Records for the exercise:
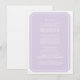 Moderne et chic Simply Elegant Wedding Info/Directions Card avec un design élégant d'emblème de ticket lavande. Ce design classique et élégant est facile à customiser avec vos détails mariages. Pour plus d'options de personnalisation, cliquez sur Personnaliser.
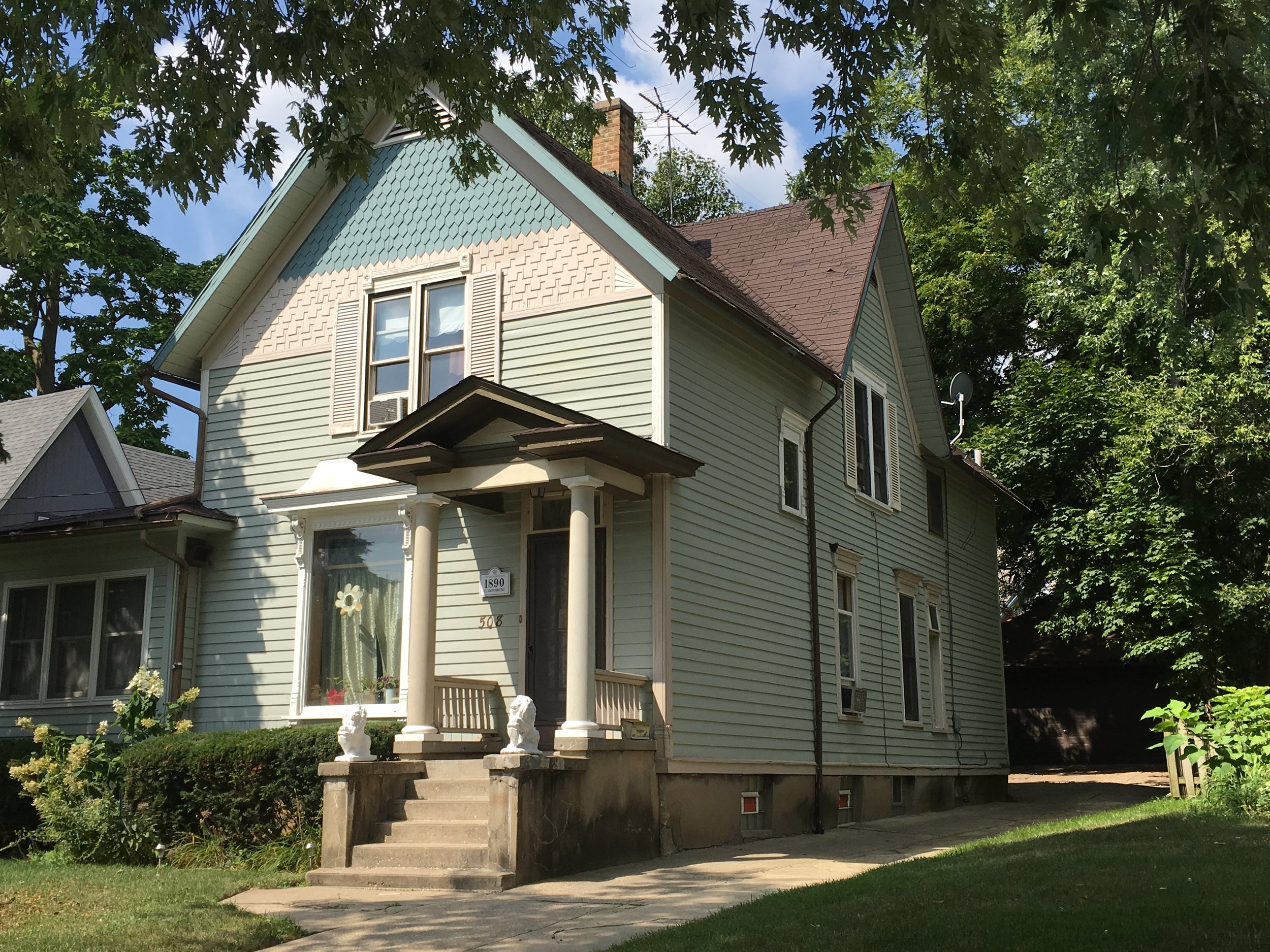 508 Ashland Avenue was built in 1890 for Charles Smithberg for $1,500. The home was built by Gust Anderson Builders. Smithberg immigrated to Elgin from Sweden to work at the Elgin National Watch Company as a jeweler. He and his first wife, Augusta Gustavson, had two children, Fred and Ed, however, their third child and Augusta passed away during child birth in 1893. Charles remarried Matilda (Tillie) in 1897 and also had two children, Albin and Helen. By 1915, Charles was no longer working at the Elgin National Watch Company but at a Jewelry shop in St. Charles. His son, Albin, also worked with Charles at that time. As a wedding present to their son Albin, Charles and Tillie built 517 Ashland Avenue for Albin's second wife, Anna. In 1928, Charles passed away at the age of 71 years old. Tillie continued to live at 508 Ashland with her daughter Helen and granddaughter, Vivian. Tillie passed away in 1938 leaving her daughter, Helen, the home. Helen converted the home into a two-flat, renting it until 1948 when it was sold to Sidney Wilson and his wife.
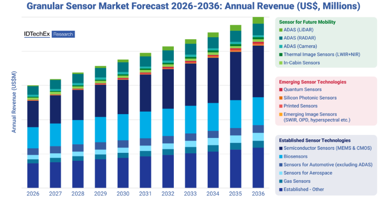 IDTechExは、フォトニック集積回路、量子センサー、プリンテッドセンサー、イメージセンサーの進歩が成長を促進するため、新興センサー技術は2036年までに年平均成長率17%で成長すると予測している。
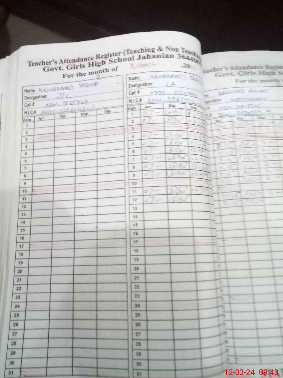 | CNIC | Full Name | Designation | R/C | Absence During Last Calender Month |
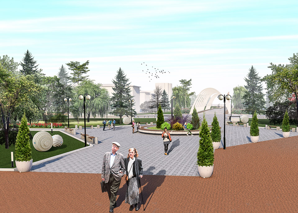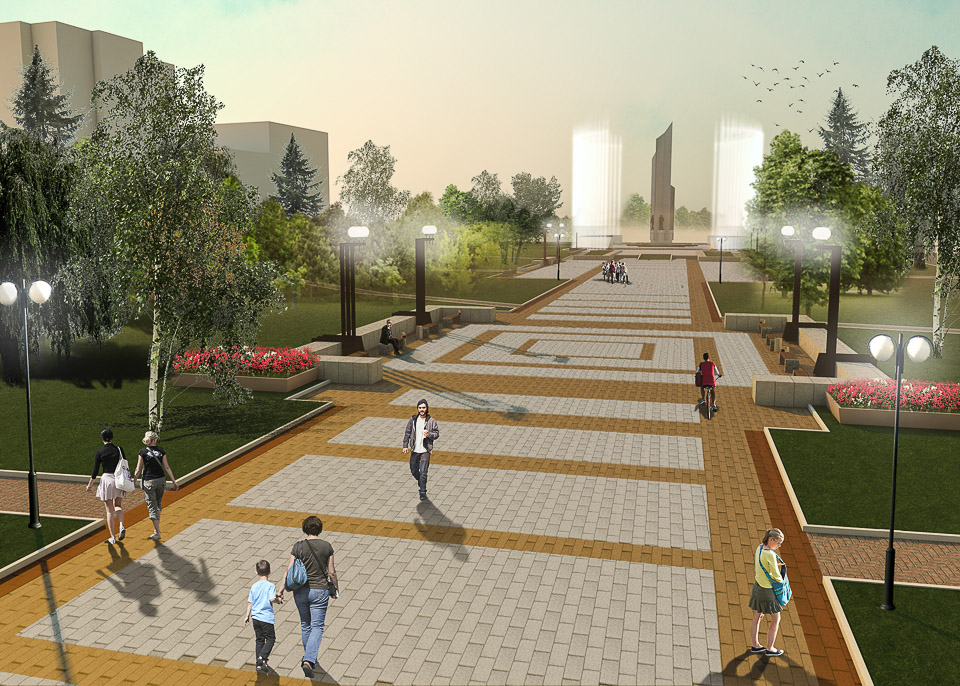 Что не устраивает горожан? Тротуары — разбитые, озеленение — хаотичное и явно недостаточное, пешеходная зона совсем не соответствует современным требованиям к безбарьерной среде. Все это учли при подготовке дизайн-проекта. Он решает две задачи: мемориальный комплекс благодаря найденным архитектурным решениям станет еще более величественным, и при этом горожане получат еще одно по-настоящему удобное и комфортное место для семейного отдыха с оригинальным освещением, удобными тротуарами и пешеходными дорожками. зеленый и тенистый сквер будет одинаково доступен и для инвалидов, и для матерей с колясками.

Assigned task:
Transcribe the full listing exactly, but keep every image out of it.

Answer space:
 Moderne et chic Simply Elegant Wedding Info/Directions Card avec un design élégant d'emblème de ticket lavande. Ce design classique et élégant est facile à customiser avec vos détails mariages. Pour plus d'options de personnalisation, cliquez sur Personnaliser.
 508 Ashland Avenue was built in 1890 for Charles Smithberg for $1,500. The home was built by Gust Anderson Builders. Smithberg immigrated to Elgin from Sweden to work at the Elgin National Watch Company as a jeweler. He and his first wife, Augusta Gustavson, had two children, Fred and Ed, however, their third child and Augusta passed away during child birth in 1893. Charles remarried Matilda (Tillie) in 1897 and also had two children, Albin and Helen. By 1915, Charles was no longer working at the Elgin National Watch Company but at a Jewelry shop in St. Charles. His son, Albin, also worked with Charles at that time. As a wedding present to their son Albin, Charles and Tillie built 517 Ashland Avenue for Albin's second wife, Anna. In 1928, Charles passed away at the age of 71 years old. Tillie continued to live at 508 Ashland with her daughter Helen and granddaughter, Vivian. Tillie passed away in 1938 leaving her daughter, Helen, the home. Helen converted the home into a two-flat, renting it until 1948 when it was sold to Sidney Wilson and his wife.
 IDTechExは、フォトニック集積回路、量子センサー、プリンテッドセンサー、イメージセンサーの進歩が成長を促進するため、新興センサー技術は2036年までに年平均成長率17%で成長すると予測している。
 | CNIC | Full Name | Designation | R/C | Absence During Last Calender Month |
 Что не устраивает горожан? Тротуары — разбитые, озеленение — хаотичное и явно недостаточное, пешеходная зона совсем не соответствует современным требованиям к безбарьерной среде. Все это учли при подготовке дизайн-проекта. Он решает две задачи: мемориальный комплекс благодаря найденным архитектурным решениям станет еще более величественным, и при этом горожане получат еще одно по-настоящему удобное и комфортное место для семейного отдыха с оригинальным освещением, удобными тротуарами и пешеходными дорожками. зеленый и тенистый сквер будет одинаково доступен и для инвалидов, и для матерей с колясками.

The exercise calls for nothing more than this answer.